The Government will bring forward legislation to enshrine the planned International Criminal Court in British law, it announced yesterday.

Peter Hain, a Foreign Office minister, said a draft Bill for the new court, which would have the power to try people accused of genocide, war crimes and other crimes against humanity, would be published on 22 August.

He is writing to opposition parties, which have supported the Bill in principle, pleading for them to let it go through without any filibustering or party in-fighting. "I don't want this Bill to become a victim of the kind of Parliamentary machinations that opposition parties indulge in to frustrate the Government's general programme," he said.

There will be a seven-week consultation period, closing on 12 October, in time for the measure to be included in the Queen's Speech setting out the Government's legislative programme for the next parliamentary session.

The Bill will enable the Government to ratify the 1998 Rome Statute of the International Criminal Court, establishing Britain as one of the court's founder members.

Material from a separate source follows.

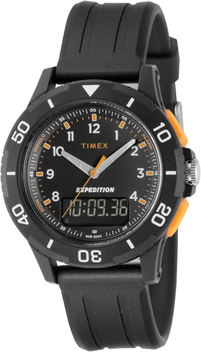 100m防水性能を備え、水辺のアクティビティにも対応。タイメックス独自のINDIGLO®ナイトライトを搭載し、暗闇でも視認性抜群です。アラーム、ストップウォッチ、タイマー機能も搭載し、シンプルながら実用性の高いモデルとなっています。

Of the 98 nations which signed the statute, only 14 have ratified it so far - well short of the 60 countries needed to bring the court into existence.

Britain has been in the forefront of international efforts to establish the court, putting it at odds with the US, which has refused to sign the statute on the grounds that it is opposed to any court which could seek to put American soldiers and officials on trial. Other nations which have objected to the court include China and Iraq.